#### What you have to do
As you work through the listing below, copy each line exactly and drop the images.

#### Supplied data
+ + + + +

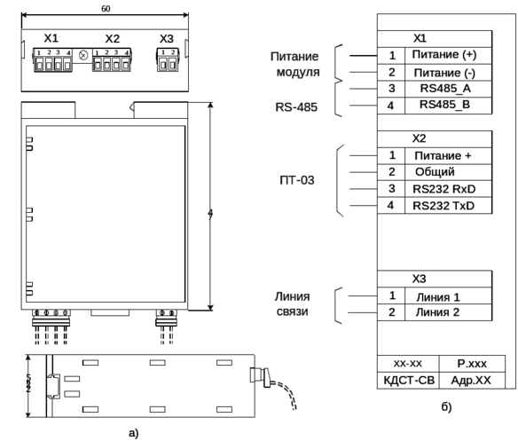 Х3 – для подключения КДСТ-СВ к линии связи;
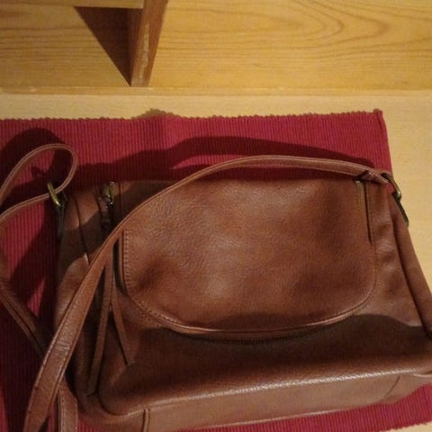 Turkoosi käsilaukku pitkällä ja lyhyellä hihnalla.
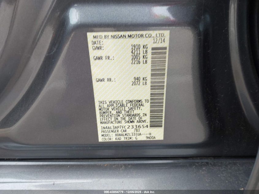 2015 NISSAN ALTIMA 2015 року Бензин, 2.5, Передній привід, vin - 1N4AL3AP7FC233654 з США

+ + + + +

#### Exercise answer
 Х3 – для подключения КДСТ-СВ к линии связи;
 Turkoosi käsilaukku pitkällä ja lyhyellä hihnalla.
 2015 NISSAN ALTIMA 2015 року Бензин, 2.5, Передній привід, vin - 1N4AL3AP7FC233654 з США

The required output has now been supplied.